With Valentine’s Day looming, Courtney Peix has been playing matchmaker—though not for hopeful singles. Instead, Peix, the founder of Contrapose Dance, has been working with Fort Point Theatre Channel co-founder Marc Miller to connect local choreographers with Fort Point artists from different disciplines who may never have set foot in a dance studio. “We tried to pair up people we thought would be interesting collaborators,” Peix says of the cross-pollination project, a showcase for the ’hood’s diverse art scene. “We told them there are just a few restrictions: You have between 3 and 6 minutes to choreograph, you need to collaborate with the artistic partner we paired you with, and then go! Do it. Let’s see what happens.”
The rest of us will get to see what happens on Feb. 13-14, when the eight resulting creations premiere in Channel/Dance, a free show at Atlantic Wharf that’s the latest in FPTC’s Exclamation Point! series of short new works.
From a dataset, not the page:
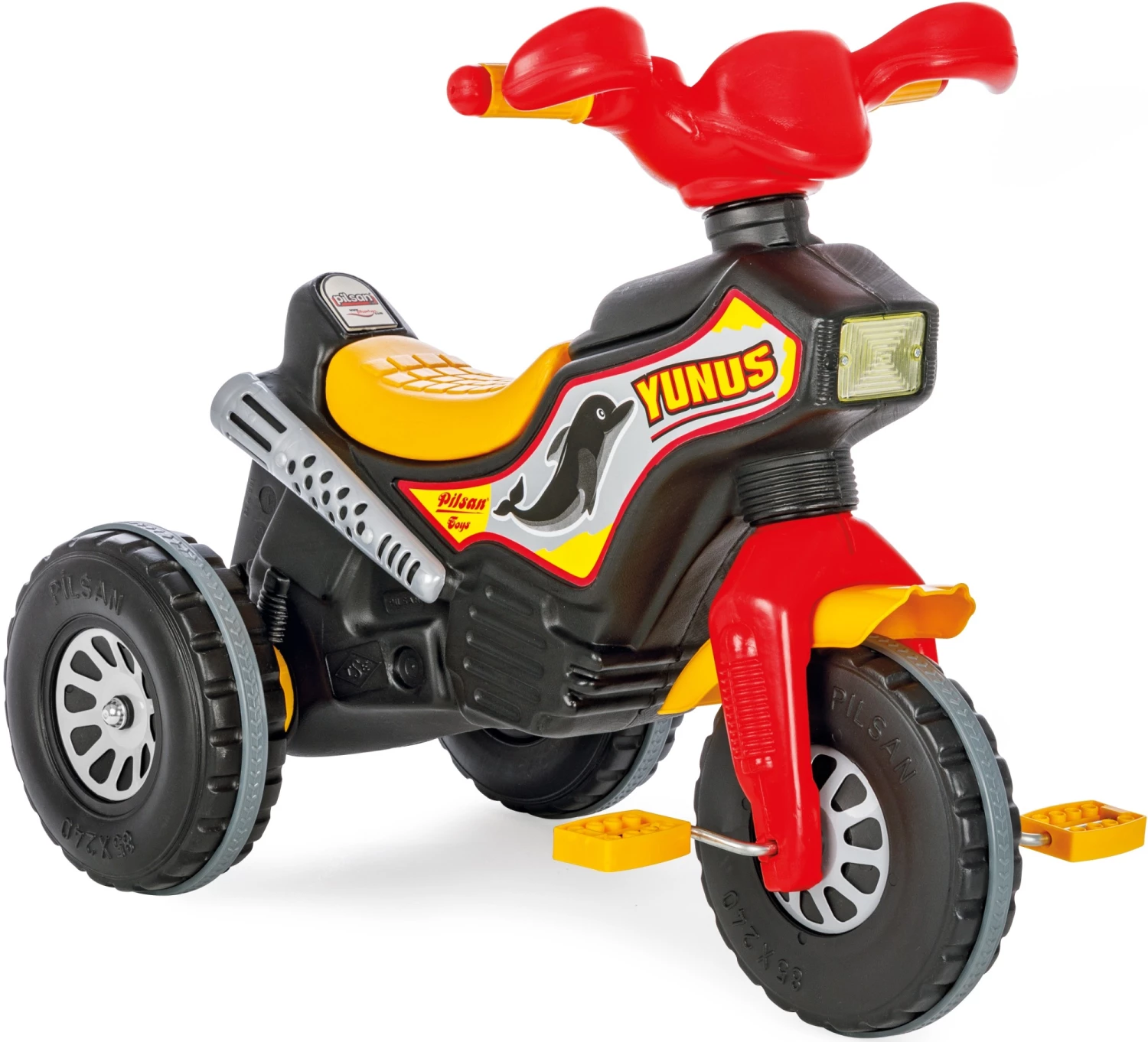Pilsan Ποδoκίνητο Τρίκυκλο Black Flipper Κομψή εμφάνιση και εργονομικός σχεδιασμός Ανθεκτική κατασκευή Μέγιστο βάρος παιδιού:35 κιλά Διαστάσεις:43 x 75 x 60 εκ Ύψος καθίσματος από το έδαφος:35 εκ Ύψος τιμονιού από το έδαφος:55 εκ

It’s an eclectic program that promises to suit even the shortest of attention spans. “Robotic Interruptions” will have the Wondertwins (aka local dance duo Billy and Bobby McClain) interacting with Nick Thorkelson’s animated androids. “Coming and Going” flips the standard choreography process, with composer Olivia Brownlee creating music to suit Audra Carabetta’s moves, rather than the other way around. Other works incorporate helium balloons, giant hats and projected text; there’s even a piece that will be largely developed backstage during the show’s running time. And peppered between the dances will be six new plays—“palate cleansers,” as Peix puts it—each less than two minutes, connected to dance in some way and selected from a pool of 80 submissions from playwrights around the world.
But Peix isn’t just helping curate the evening. She’s teamed up with artist Daniel J. van Ackere, one of the talents behind Starry Night, the installation that’s brought beauty to an overlooked urban nook on A Street, adorning the stretch beneath the Summer Street overpass with hundreds of blue LED lights. Hoping to evoke its effect indoors, van Ackere set out to build a platform embedded with LEDs and covered with a white canopy, creating a mini-stage that will spotlight Contrapose dancers Nina Brindamour and Maggie Foster from both above and below. “What he has ultimately done is given me a space that seems changed and unusual and singular and special,” says Peix, who in turn choreographed “Dulcamara,” a work that riffs on relationships. “I’m interested in exploring these ties and connections that humans have to one another, so I’m playing with movement concepts where you’re folding into and out of one another, or limbs are connecting in an interesting way, and you’re sort of getting tied into a knot and unfolding from that.”
The only catch? Everyone has a day job, so Peix and her dancers won’t actually get to work with van Ackere’s creation until the day of the show. “I think of it as a challenge. There’s a little bit of thrill involved in it,” says Peix, who’ll also have to wait until show time to see the seven other finished works. “I’m really excited to see what these pieces are going to look like. It’s going to be like a giant present come the 13th of February.”